Paulus recently helped a woman accused of sorcery and managed to hide her, together with her daughters, in a safe location. Because of the assistance she provided, Paulus has been threatened by some members of the community. “They say I am the one who helped the sorcerer. I am stigmatised because I help innocent women and their children.”

On one occasion, she sought assistance from the UN Human Rights Office in Papua New Guinea regarding a woman and her four daughters who had been tortured and raped after they were accused of sorcery. “The UN Human Rights Office helped them relocate to a safe location,” she says.

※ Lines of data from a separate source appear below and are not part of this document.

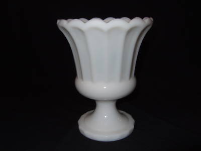 Vintage White Milk Glass Vase Compote Scalloped Edge
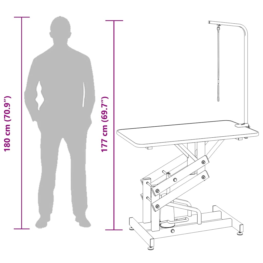 Esta mesa hidráulica de tratamento é perfeita para uso doméstico como mobiliário de preparação, exposições de cães etc. Possui um tampo antiderrapante e uma estrutura de ferro com revestimento em pó com o braço e pés de tratamento ajustáveis.
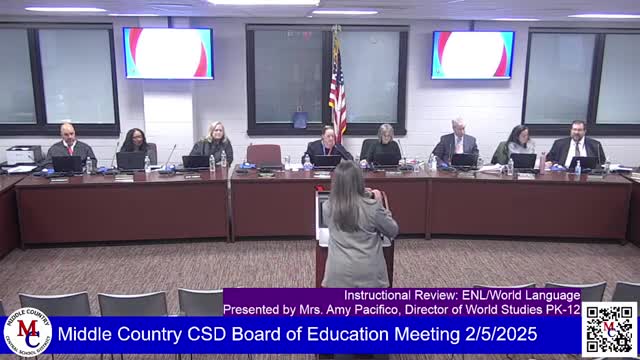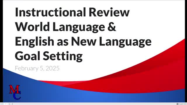 District outlines world‑language rollout and English‑as‑a‑new‑language services; board asks about elementary language offerings and assessment results

Paulus works full time with the Highlands Women’s Human Rights Defenders Network. The Network focuses on issues related to sorcery accusations and killings, tribal conflicts, and violence against women at home and in the community. A number of female members of the Network, including Paulus, are subjected to serious threats against their safety regularly because of their work. Aware of the risks she faces, she continues her work with courage and commitment. “Helping women accused of sorcery is the right thing to do,” she stresses. “They are suffering with hardly any support and people don’t want to go near them.”

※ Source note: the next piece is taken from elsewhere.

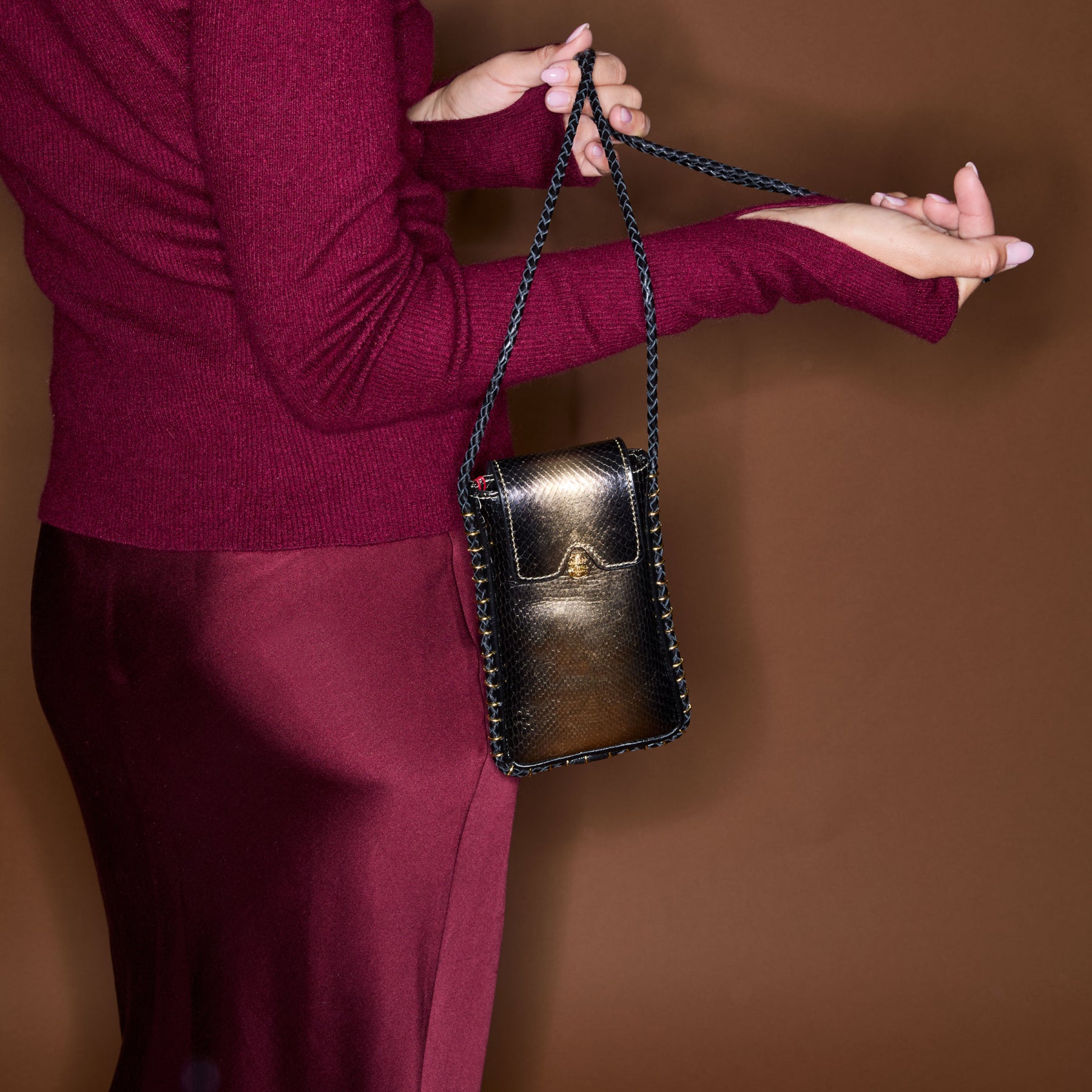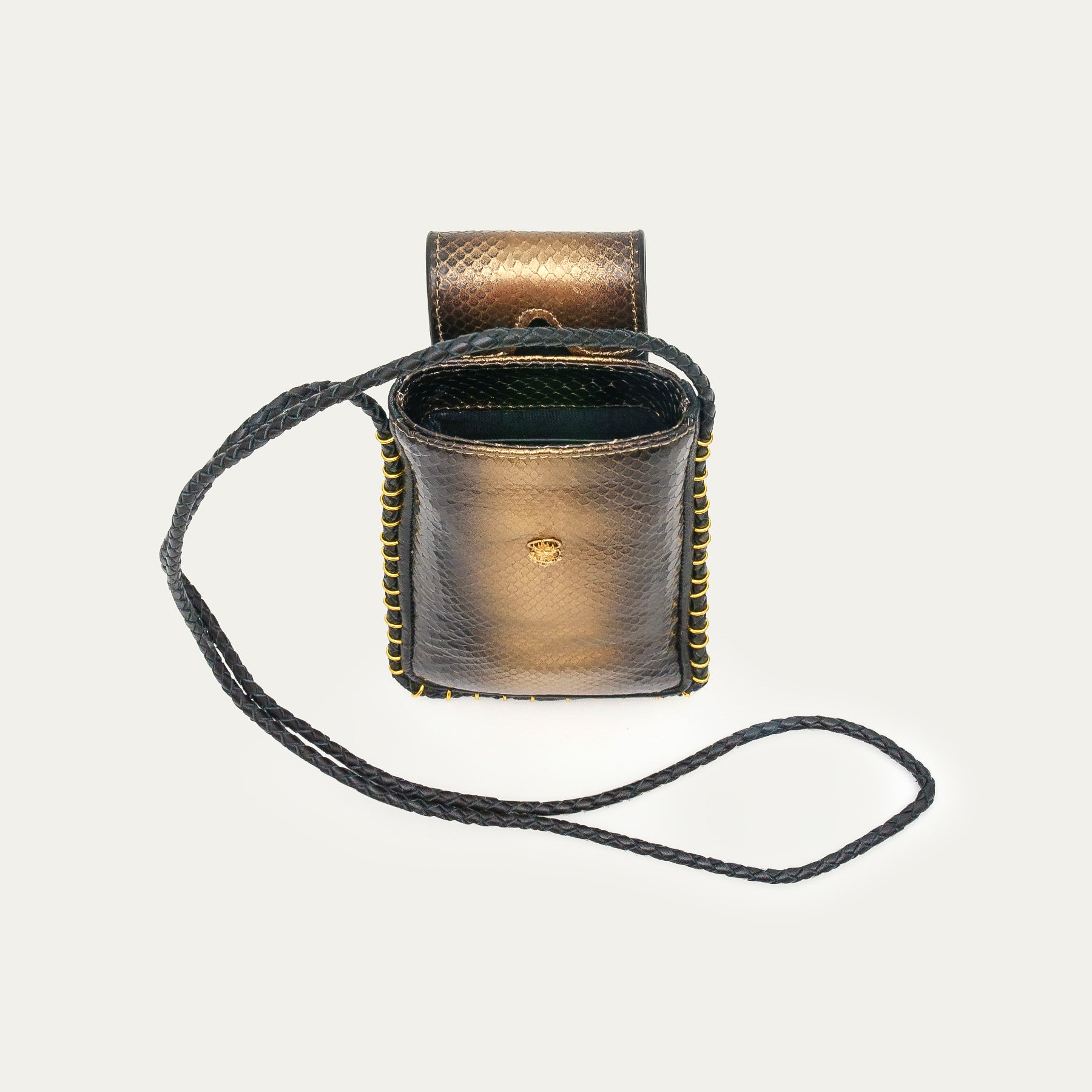 Notre étui à lunettes Émile a été réalisé à la main et confectionné en python. Doté d'une poche principale, il se ferme à l’aide d’un rabat aimanté, orné d’un mini scarabée. Émile possède également 3 fentes à l'arrière de sa pochette, afin que vous puissiez ranger vos cartes sans difficulté. Grâce à sa corde en cuir, vous pourrez le porter en cross body ou bien autour du cou.

“I am inspired by the courage of women,” she says. “Women accused of sorcery are victims of extreme abuse and horrendous killings.” The stigma is passed on to their children. “I have seen their children being displaced, abandoned and stigmatized,” she concludes. “I am aware of that plight and that is why I want to help.”

Mary Kini – Making “secret plans” to stop tribal fighting and end violence against women

Mary Kini, a human rights defender and a peace builder from Papua New Guinea, made “secret plans” to bring peace to her community. After years of intertribal violence that engulfed the district of Kup, in the mountains of Papua New Guinea, she teamed up with two other women to end fighting.

Mary, Angela Apa and Agnes Sil belong to three enemy tribes. In 1999, after one of the worst tribal clashes, they decided to take action. “We were all affected by the fighting. We lost our loved ones,” says Mary. “Our people had been fighting for so long: enough was enough, so we made secret plans to bring peace to our communities.”

According to tribal laws, women of enemy tribes were not allowed to talk to one another. Risking their lives, the three women came up with clandestine and innovative ways to meet and strategize, such as discussing their peace plans while shopping at the local market.

Mary, Angela and Agnes succeeded in mobilising others to support peace in the district. They even walked out onto the battlefields to send out messages of peace. This led to the creation, in 2002, of the Kup Women for Peace (KWP), which works on promoting peace between communities and ending violence against women.

Mary’s decision to work towards building peace and promoting women’s rights came after experiencing first-hand the consequences of inter-tribal violence. Because of the fighting, Mary was not able to regularly attend school. “I did not complete my studies because of tribal fighting, but I want young women who come after me to have a good life,” she says.

The KWP works in partnership with the UN Human Rights Office (OHCHR), Oxfam PNG and other women’s organisations from the region and is part of the Papua New Guinea Highlands Women's Human Rights Defenders Network which was initiated by OHCHR. Its activities and projects are assisted by OHCHR and Oxfam PNG, and by a coalition of 15 organizations working together to find lasting solutions to poverty and injustice.

In 2007 Mary Kini and the KWP received the 7th Pacific Human Rights Award from the Pacific Regional Rights Resource Team of the UN Development Programme. The award honours extraordinary efforts in advancing human rights and peace building throughout the Pacific and was given to the KWP for its outstanding work in situations of conflict, for its intrepid dedication to the cause of peace in the highlands of Papua New Guinea and for its bravery in challenging discriminatory customs and norms, including widespread violence against women.